As Dracula would later reveal the monster within to Jonathan Harker and his wife Mina, Gehrman becomes the greatest enemy to coda the tale of Bloodborne. Our final boss of Bloodborne is the man who we trusted from the start. He’s sent us through hell to make our way back to him and he’s as necessary as he is terrible. Gehrman awaits our return to the rear of the Hunter’s Dream as Dracula sits in his throne sipping from his chalice and mocking humanity at the behest of Richter Belmont. His final speech is an offer, as Dracula offered Alucard and the like to submit and allow darkness to reign. Killing Gehrman may result in multiple endings, one of which signifies that the player becomes Gehrman in the end, as Dracula would see fit. If you gather three different umbilical cord pieces, you are able to reveal the true monster and fight the Moon Presence, seemingly putting an end to the horror and creating a new dawn for humanity.

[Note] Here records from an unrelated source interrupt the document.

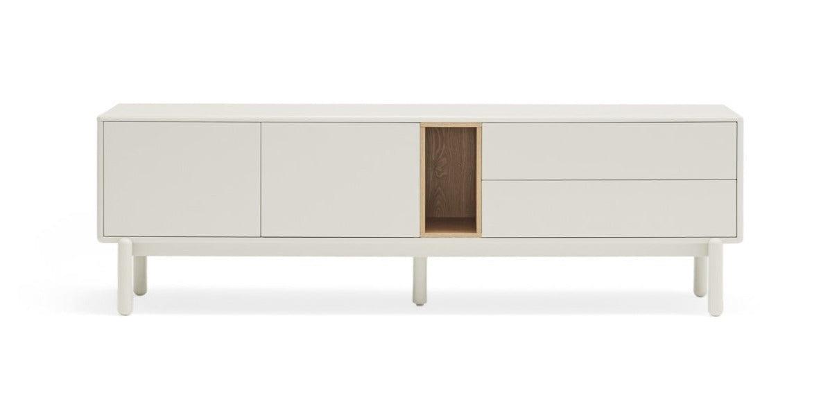 Minimalistische Beine verleihen der gesamten Form Leichtigkeit. Die cremige Farbe passt hervorragend in nahezu jedes Interieur. Wenn Sie nach einem beeindruckenden RTV-Schränke für das Wohnzimmer, um auf Corvo zu setzen.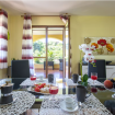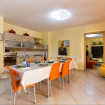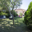 Questa grande villa bifamiliare, arredata con gusto ed eleganza, è immersa in un bel giardino ben curato con prato e mobili da esterno, completi e molto funzionali.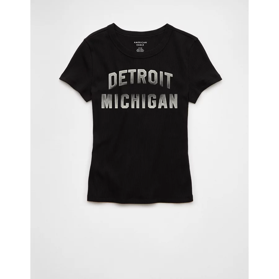 AE Detroit Michigan Graphic Hey Baby Tee – Black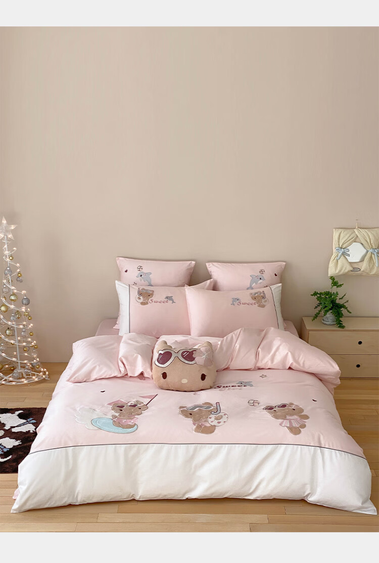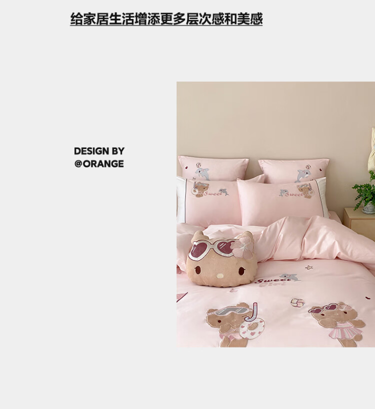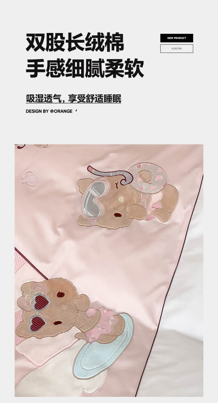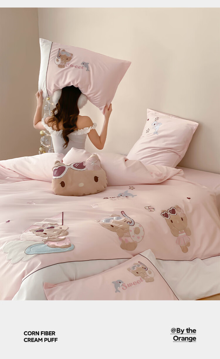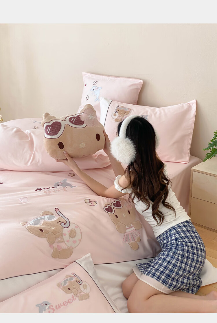 ROLAND LIVE儿童卡通长绒棉四件套软萌粉色全棉被套床单女孩子床上用品三件套 FX 长绒棉套件-假日喵喵酱 1.2米床 床单款 【被套150*200cm】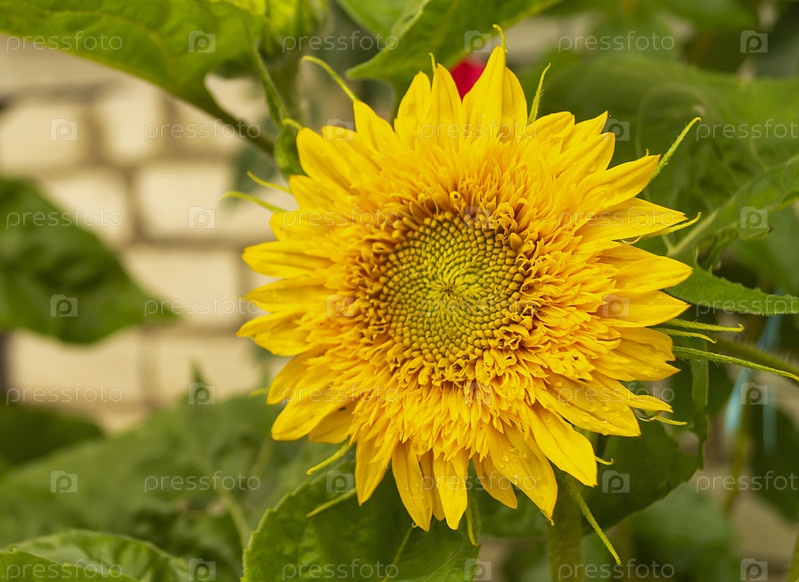 Декоративный подсолнух с зеленым листом растет в саду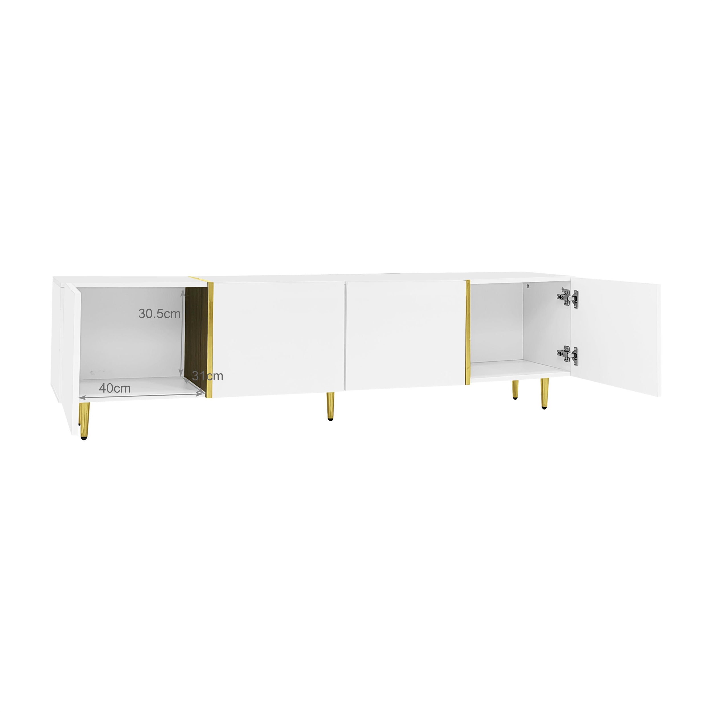 The TV cabinet measures 170 cm (L) x 35 cm (W) x 46 cm (H) and features four spacious doors, offering ample storage for books, remote controls, and other essentials. The smooth white high-gloss finish, combined with elegant gold accents, gives the cabinet a sophisticated and timeless appearance that complements various interior styles. The doors are equipped with soft-closing hinges for quiet and smooth operation, while the high-gloss surface is easy to clean and maintain.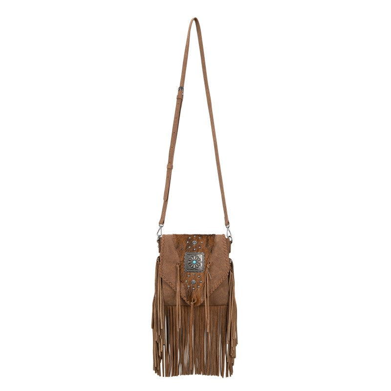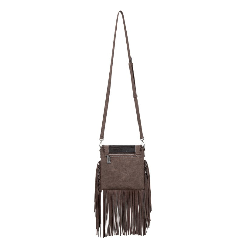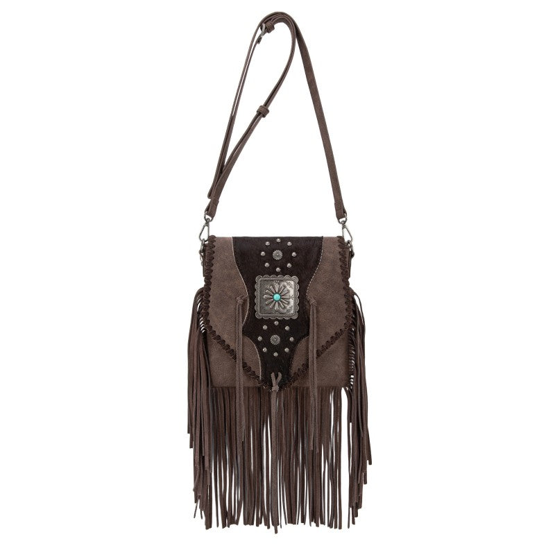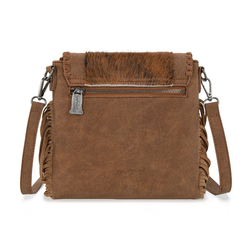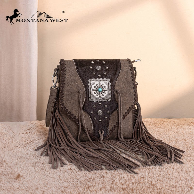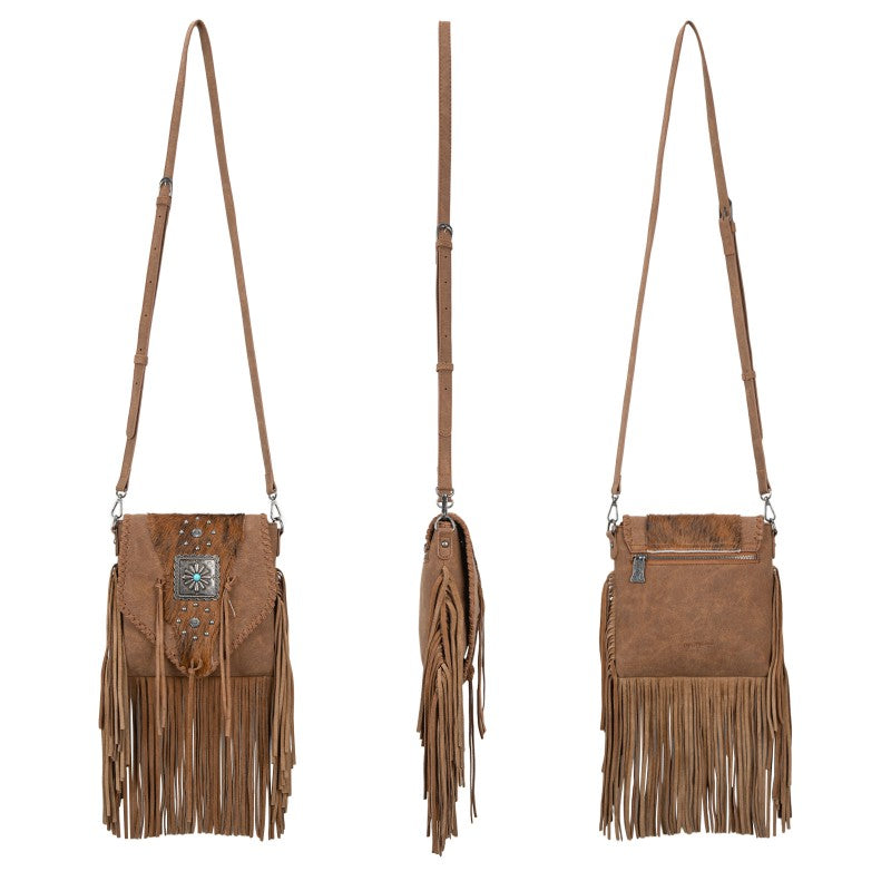 Trinity Ranch line by Montana West, this partial genuine leather crossbody has: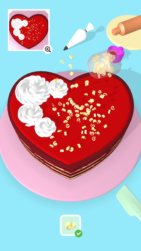 游戏采用了高度自由的玩法,在这里你可以随心所欲的装饰你的蛋糕。你不仅可以体验到制作蛋糕的乐趣,装饰完成后还会获得满满的成就感,能够激发你的想象力。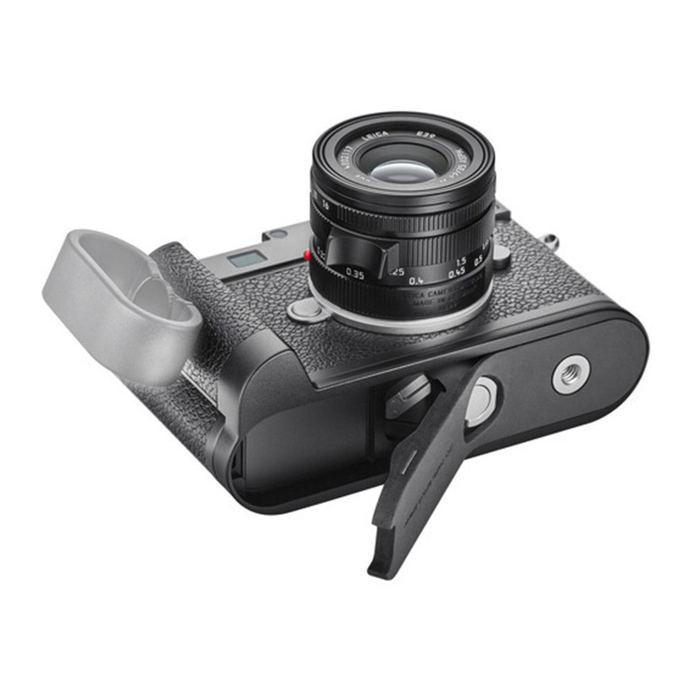 Dedicated to the Leica M11 camera, this Handgrip attaches to the camera via its tripod mount and the large right-hand grip improves stability and comfort while shooting. The grip's design has an integrated Arca-style dovetail for direct attachment to tripod heads without the need for a quick release plate and the grip also maintains unrestricted access to the battery and memory card slot and USB type-C port while attached.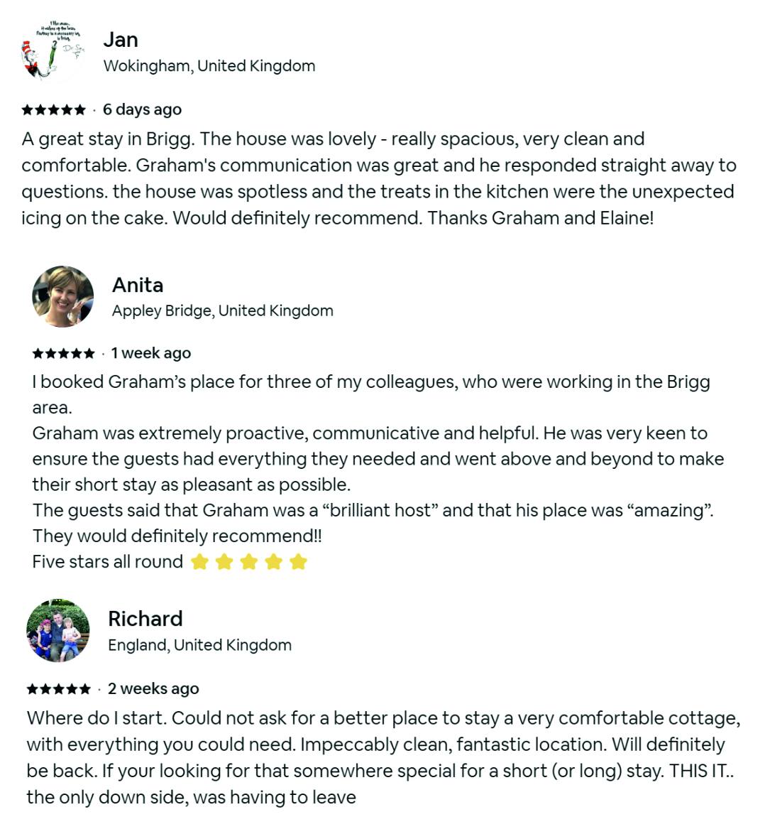 I booked Graham’s place for three of my colleagues, who were working in the Brigg area.Graham was extremely proactive, communicative and helpful. He was very keen to ensure the guests had everything they needed and went above and beyond to make their short stay as pleasant as possible.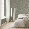 A full roll of this product is 20.5 inches wide and 396 inches long. A full roll can cover up to 56 square feet depending on the design match and pattern repeat. A sample of this product is 8 inches by 11 inches. A beautiful design featuring overlaid branches in shades of matte and metallic create a beautiful serene feel in soft sage green and gold combination atop a woven texture with shimmering undertones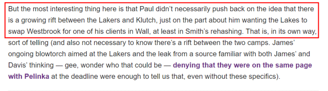昨日,Bleacher Report记者Eric Pincus报道称,Klutch对湖人总经理佩林卡不满,而且这种情绪由来已久。最近这一情绪达到沸点,因为佩林卡拒绝用威少+未来的一个首轮签去换回沃尔,而沃尔恰恰是Klutch的客户之一。Eric Pincus还表示,詹姆斯和湖人的“婚姻”关系已经岌岌可危。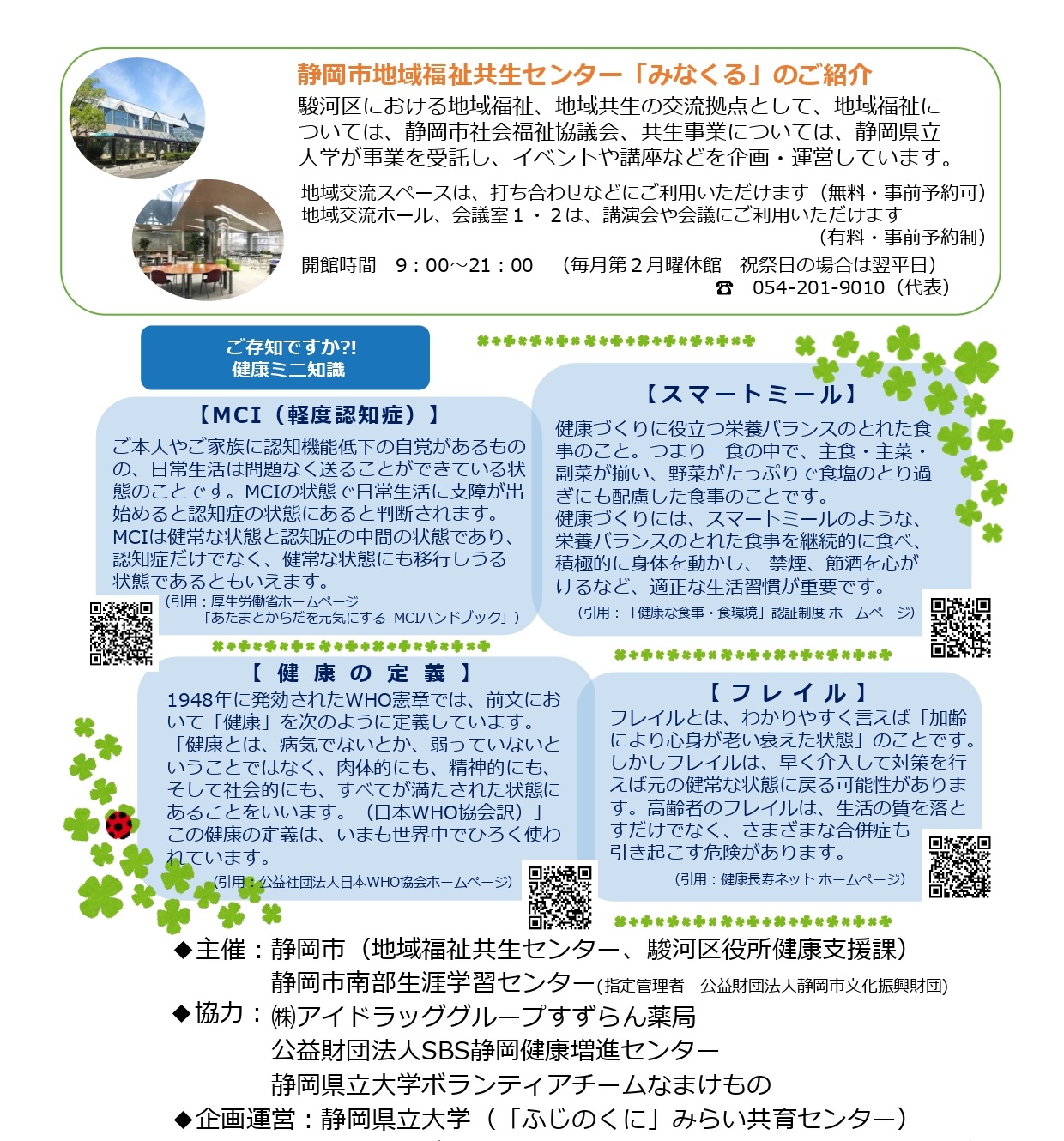 静岡市地域福祉共生センター「みなくる」(駿河区南八幡町3-1南部図書館2階)で実施されました。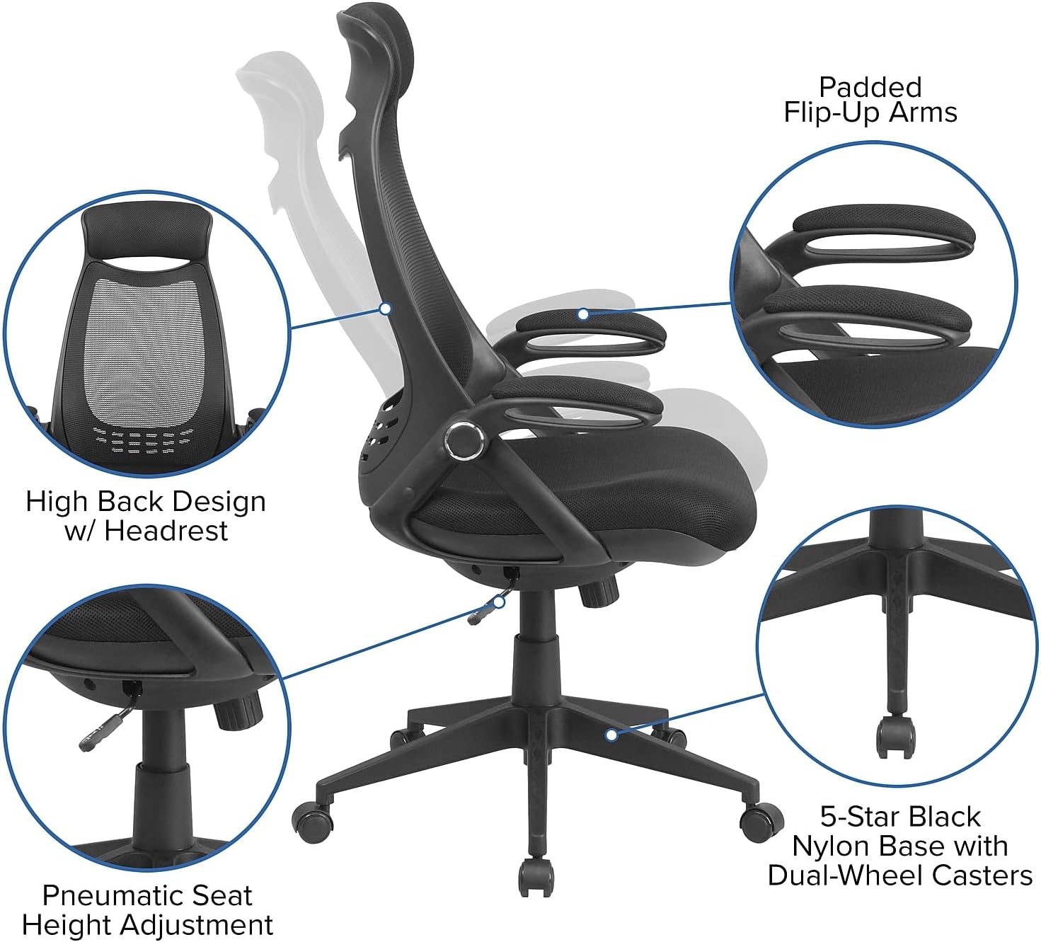 Flash Furniture Ivan High Back Black Mesh Executive Swivel Office Chair with Flip-Up Arms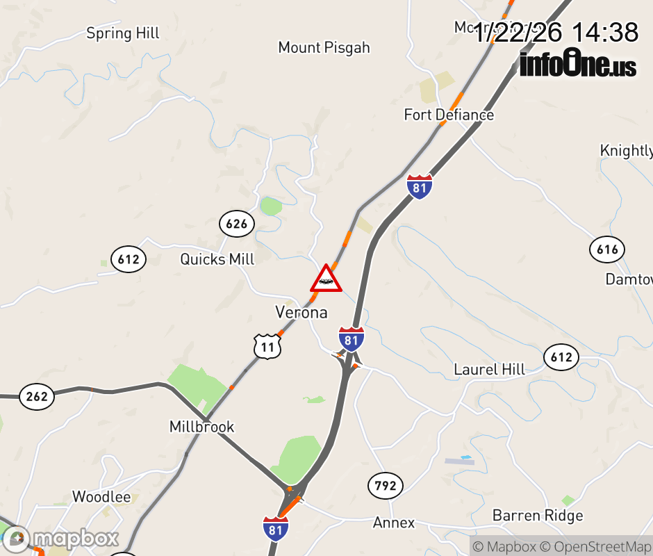 On US-11 in the County of Augusta, in the vicinity of Bald Rock Rd; Mill Race Rd; Rt. 781N/S (Augusta County), motorists can expect delays due to a vehicle crash. All south lanes are closed. ![]() |

Bloodborne is littered with parallels to Castlevania, moreso than I had initially realized when I spotted a few intriguing images from that first reveal trailer. The further that you go into Bloodborne, the more that you can call it the Castlevania game that Konami will never give us. If you’ve played Bloodborne, start to unravel its story and plot and look at them not as specifics but more as archetypes and the like. If you know Castlevania lore, you can begin to drop it in and make sense of these two worlds as one.
Bloodborne takes place over the course of one single night. Progression through the game drives the clock forward and the higher the moon rises, the worse the environment becomes for the protagonist. Oh, what a horrible night to have a curse.
Obviously, Bloodborne is not a Castlevania game. It’s made by entirely different people at an entirely different company who have an entirely different agenda. Bloodborne could easily be relative to any number of gothic horror stories or fiction, and in fact Hidetaka Miyazaki has cited a few of them as influence on the franchise. I know that these two are not one in the same. I know that Miyazaki and From Software didn’t see an opportunity for a new Castlevania game that would never become reality and take it for themselves.
I know this like you know that there’s nothing hiding in the dark corner of your basement. Like you know that that noise was just the old house creaking. Like you know that that mark has always been there. Like you know that no one is watching you right now.
There’s no such thing as monsters. Right?